Gallagher Emily R, Chow Penny, Mills Maria R, Perry Hazel, Tam Allison C, Rosenbluth Glenn, Gutierrez Yvonne R, Shamshoni Jessica Kianmahd, Matthews Marisa, Schweitzer Daniela N, Hing Anne
Seattle Children's Hospital, Seattle, WA, USA.
University of California San Francisco, San Francisco, CA, USA.
Cleft Palate Craniofac J. 2025 Oct;62(10):1764-1773. doi: 10.1177/10556656241276857. Epub 2024 Aug 18.

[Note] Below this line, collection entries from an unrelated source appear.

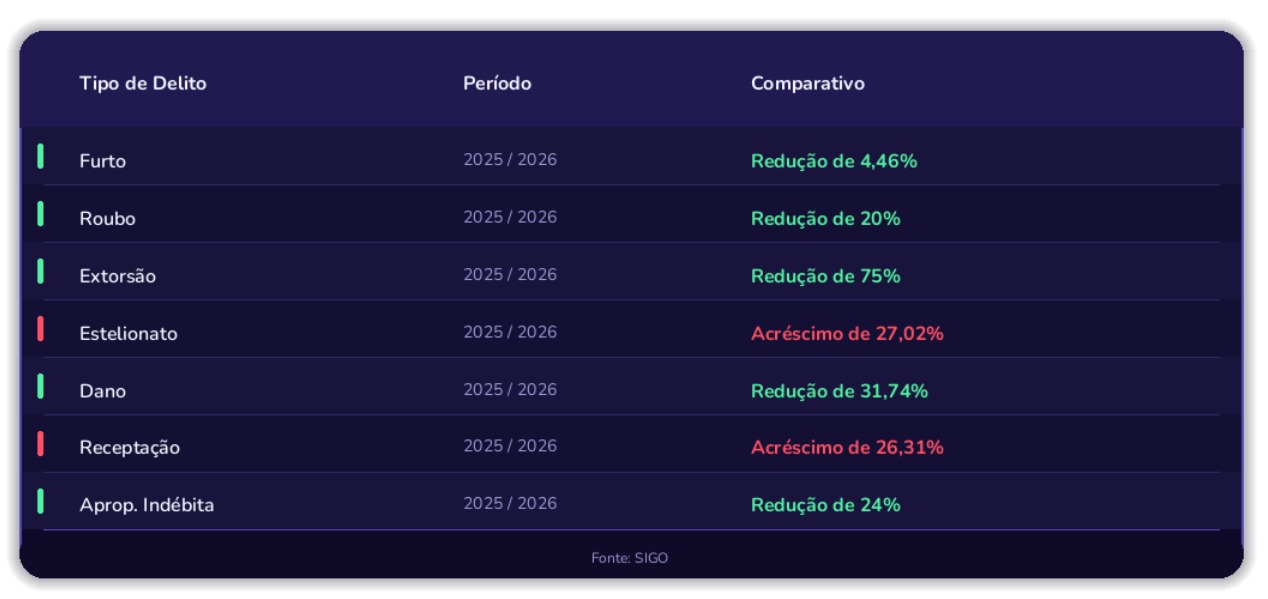 Ao lado da nova iluminação, a polícia afirma que houve uma intensificação nas rondas da cidade. Um dado que chama a atenção no relatório é o aumento de 26,31% nos registros de receptação (que saltaram de 19 em 2025 para 24 em 2026). No entanto, o 2º BPM esclareceu que esse número não deve ser visto como um ponto negativo.
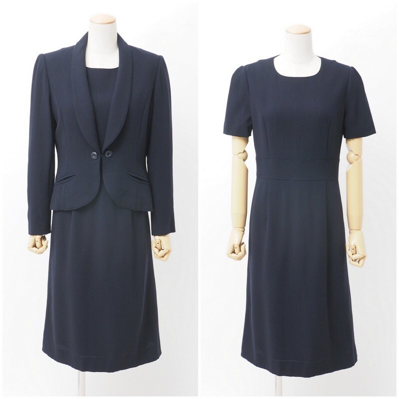 - MI1946□ミスアシダ/miss ashida セットアップ フォーマルウェア ショールカラー ジャケット + 半袖 ワンピ―ス サイズ9 ネイビー系
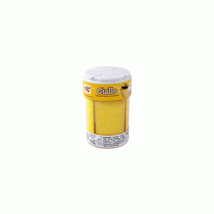 Confetti comestible jaune, en sucre, boite distributrice de 126 grammes. Un décor alimentaire pour saupoudrer ses pâtisseries préférées au gré de ses envies.
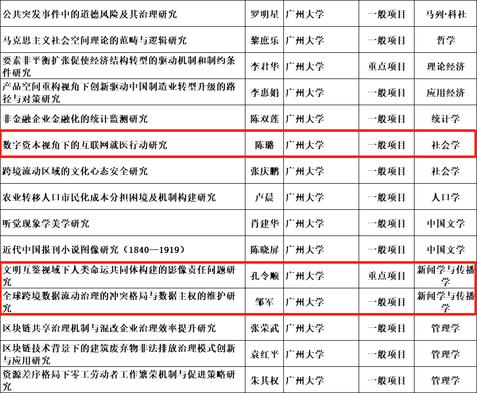 今年立项国家基金项目共4项,包括一项重点项目,两项一般项目和一项青年项目。其中,孔令顺老师的《文明互鉴视域下人类命运共同体构建的影像责任问题研究》课题获得重点项目立项;陈璐老师的《数字资本视角下的互联网就医行动研究》和邹军老师的《全球跨境数据流动治理的冲突格局与数据主权的维护研究》课题获得一般项目立项;章玉萍老师的《生命历程视角下残障者媒介生活与传播困境研究》课题获得青年项目立项。
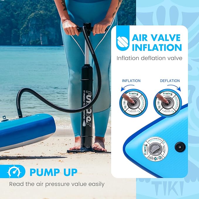 - 【Rich Paddleboard Accessories】Every paddleboard is equipped with manual pump, fins, cell phone waterproof bag, paddleboard backpack, coil foot leash, single paddle, you will get a complete and colorful water experience.
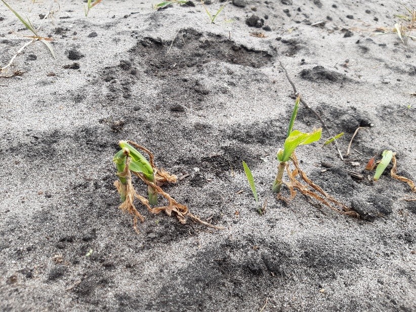 Billede 1 Frosten var hård ved majsen, men planterne skyder nu igen (Foto: Thomas Harbo, SAGRO)
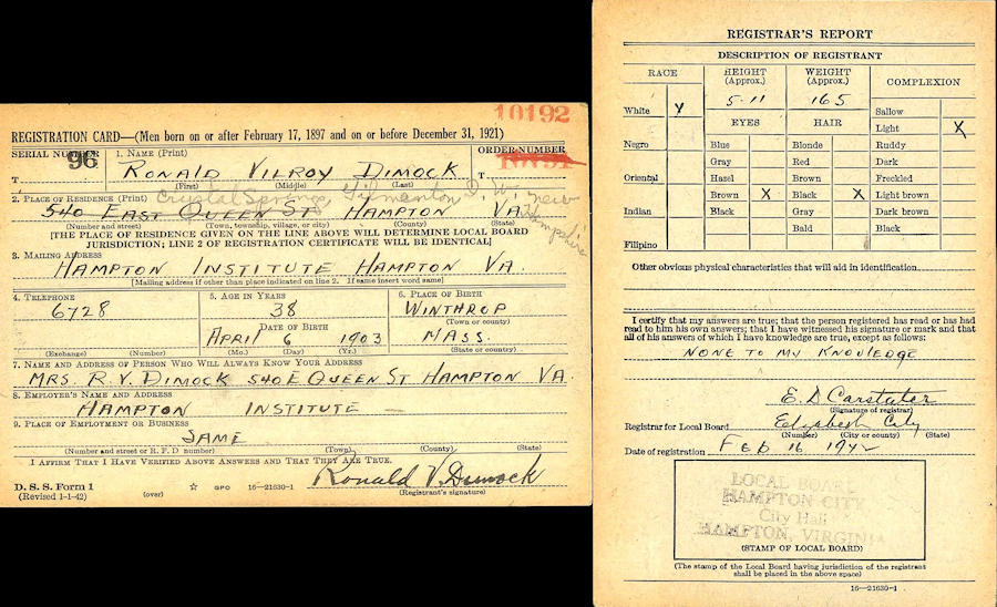 Parents Father: DIMOCK, Arthur Vilroy Mother: CRISP, Winnifred Birth Born on April 16, 1903 in Winthrop, Suffolk Co., MA Death Died on July 07, 1990 in Gilmanton, Belknap Co., NH Buried in Smith Meeting House Cemetery in Gilmanton, Belknap Co., NH Marriages RADDIN, Barbara Louise Children DIMOCK, Barbara Jayne: November 09, 1938 - November 24, 2020 Notes Occupation: Shoe Salesman/ Superintendant Commissary Images Arthur & Winifred (Crispe) Dimock, Ronald & Barbara Dimock Ronald & Barbara Dimock Ronald Dimock WW2 Draft
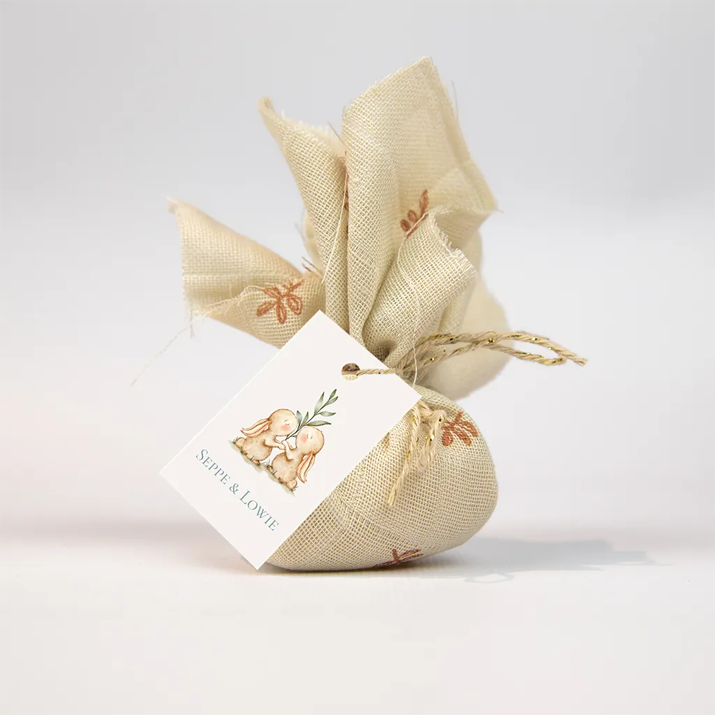 Label kaartje met illustratie van twee konijntjes voor een tweeling. Gebruik het labeltje voor aan een doopsuiker of een geboortekaartje.
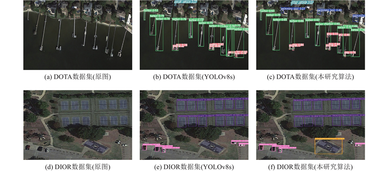 Abstract An aerial small target detection algorithm that balanced performance and resource consumption was proposed to address the issues of low detection accuracy and large model parameter size in small target detection of aerial images. On the basis of YOLOv8s, an adaptive detail-enhanced module (ADEM) was proposed by reducing the channel dimension and enhancing the focus on the high-frequency features to capture the fine-grained features of small targets while discarding the redundant information. A feature fusion network was optimized based on the PAN-FPN architecture to enhance the attention on shallow features. Multi-scale convolutional kernels were introduced to enhance the focus on the target contextual information, thereby adapting to the small object detection scenario. A parameter-adjustable Nin-IoU was constructed to overcome the limitations of traditional IoU in flexibility and generalization, and this adjustment achieved by introducing adjustable parameters allowed the Nin-IoU to be tailored to different detection tasks. A lightweight detection head was proposed to enhance the integration of multi-scale feature information while reducing redundant information transmission. Experimental results on the VisDrone2019 dataset indicated that the proposed algorithm achieved an mAP0.5 of 50.3% with only 8.08×106 parameters, representing a 27.4% reduction in parameters and an improvement of 11.5 percentage points in accuracy compared to the YOLOv8s benchmark algorithm. Experimental results on the DOTA and DIOR datasets further demonstrated the strong generalization capabilities of the proposed algorithm.
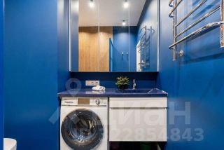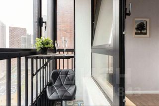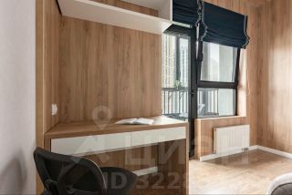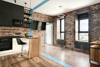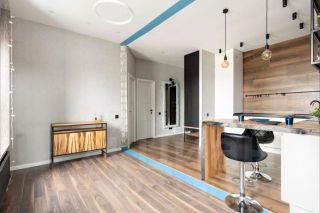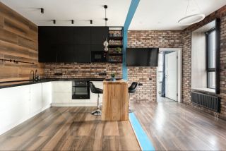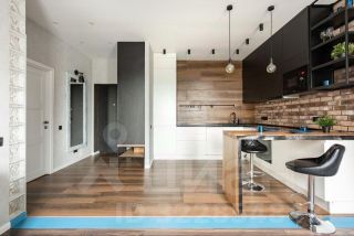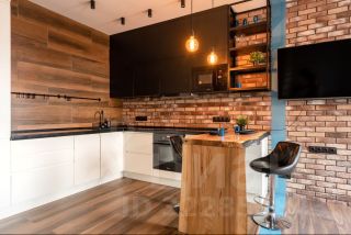 В квартире отделка в стиле лофт. На кухне столешница из искусственного камня. Барная стойка и тумба из слэба. Есть посудомоечная машина, варочная панель, духовой шкаф, встроенный холодильник
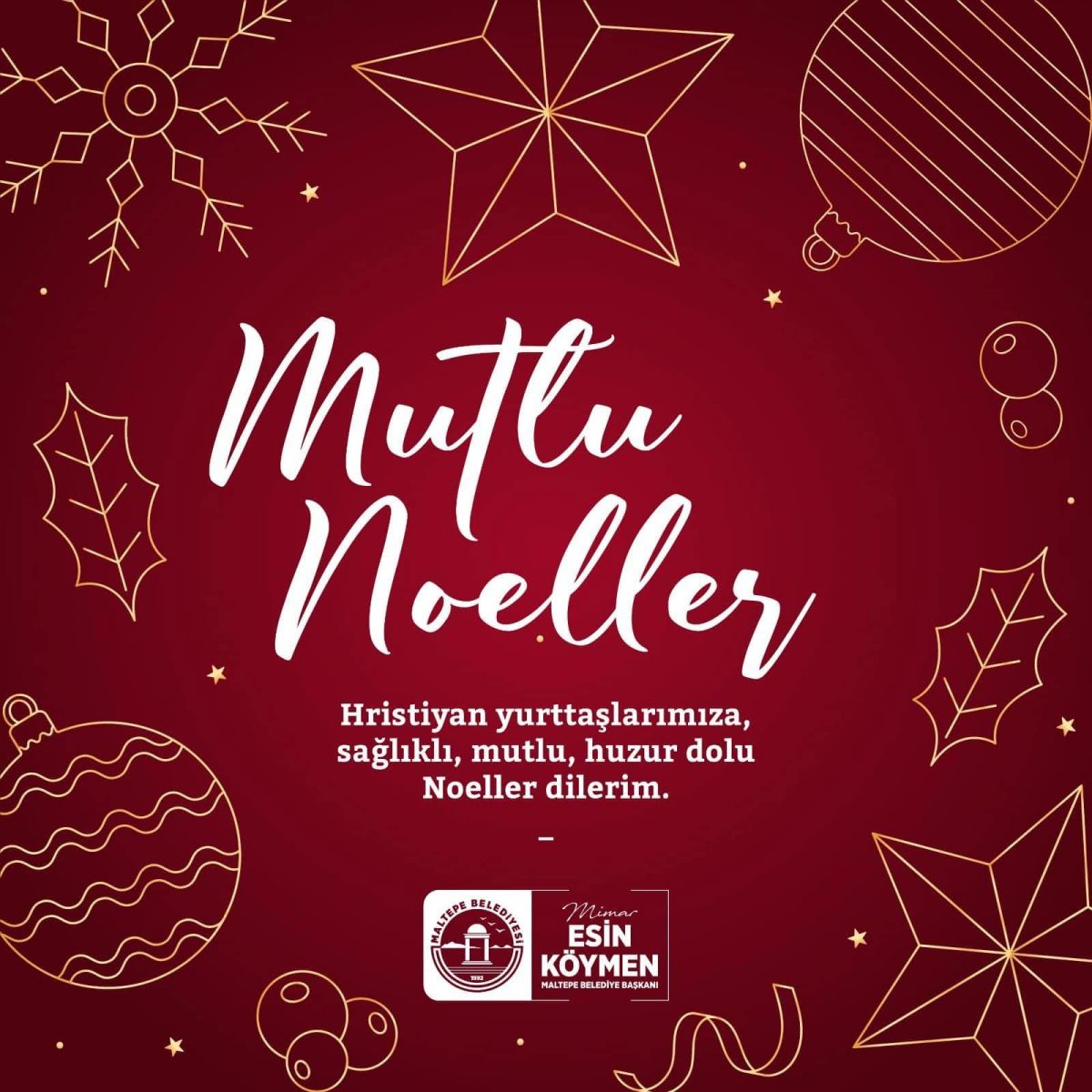 Başkan Esin Köymen mesajında; “Hristiyan yurttaşlarımızın Noel Bayramı’nı kutluyor, tüm dünyaya barış, sevgi ve kardeşlik getirmesini diliyorum.” ifadelerini kullandı...
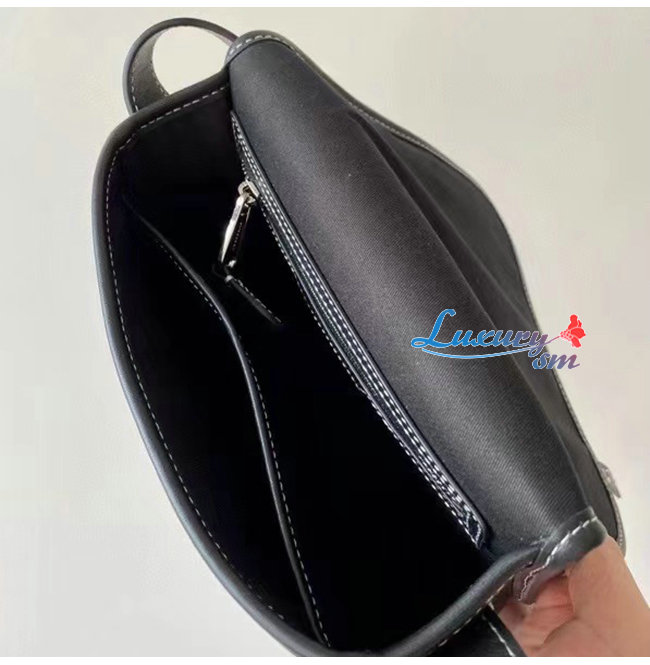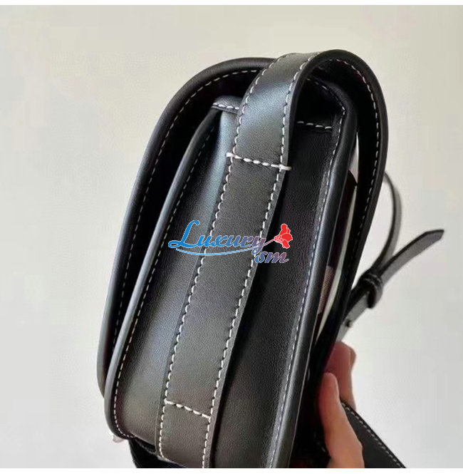 버버리 로고와 스티치 디테일의 가죽 트리밍이 돋보입
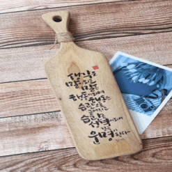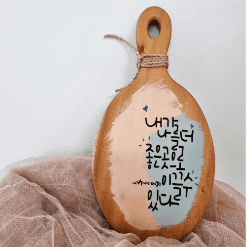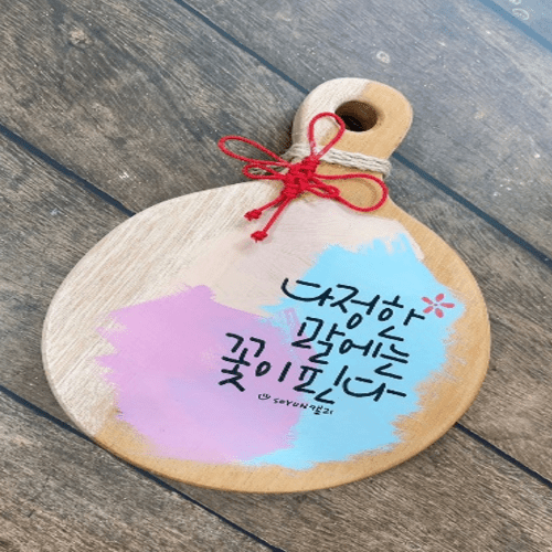 원목장식도마에 캘리그라피로 원하는 문구를 선택하여 도마를 예쁘게 장식해보는 체험활동
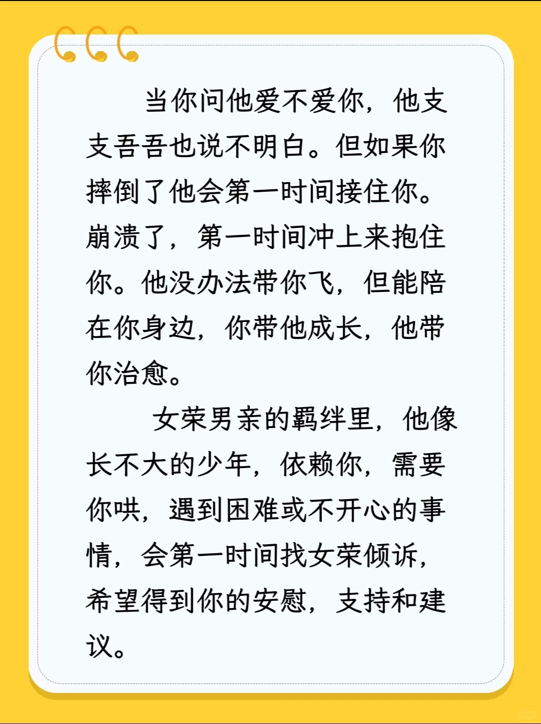 女荣男亲的羁绊里,他像长不大的少年,依赖你,需要你哄,遇到困难或不开心的事情,会第一时间找女荣倾诉,希望得到你的安慰,支持和建议。

ObjectiveTo develop consensus-based algorithms for genetic testing in patients with common craniofacial conditions.DesignAn online collaborative consisting of online meetings, independent work, and feedback across groups. A collaborative of genetics and pediatrics providers from three regional craniofacial centers (four institutions).MethodsCollaborative participants agreed upon a shared initial framework, developed algorithms independently, and presented/tested the algorithms with a national audience. Algorithms were modified based on consensus feedback.ResultsThe collaborative group developed final algorithms for genetic testing in patients with orofacial cleft, branchial arch conditions, and craniosynostosis.ConclusionsTimely and accurate diagnosis of genetic conditions can support medical management recommendations that result in safer surgical interventions. Algorithms can help guide best-practices for testing, particularly in institutions without easy access to genetics providers.
目的
制定基于共识的常见颅面部疾病患者基因检测算法。
设计
一项在线协作项目,包括在线会议、独立工作以及跨组反馈。由来自三个地区颅面部中心(四个机构)的遗传学和儿科医疗服务提供者组成的协作团队。
方法
协作参与者商定了一个共享的初始框架,独立开发算法,并向全国受众展示/测试这些算法。根据共识反馈对算法进行修改。
结果
协作小组制定了唇腭裂、鳃弓疾病和颅缝早闭患者基因检测的最终算法。
结论
及时准确地诊断基因疾病有助于支持医疗管理建议,从而实现更安全的手术干预。算法有助于指导检测的最佳实践,特别是在难以获得遗传学医疗服务提供者的机构中。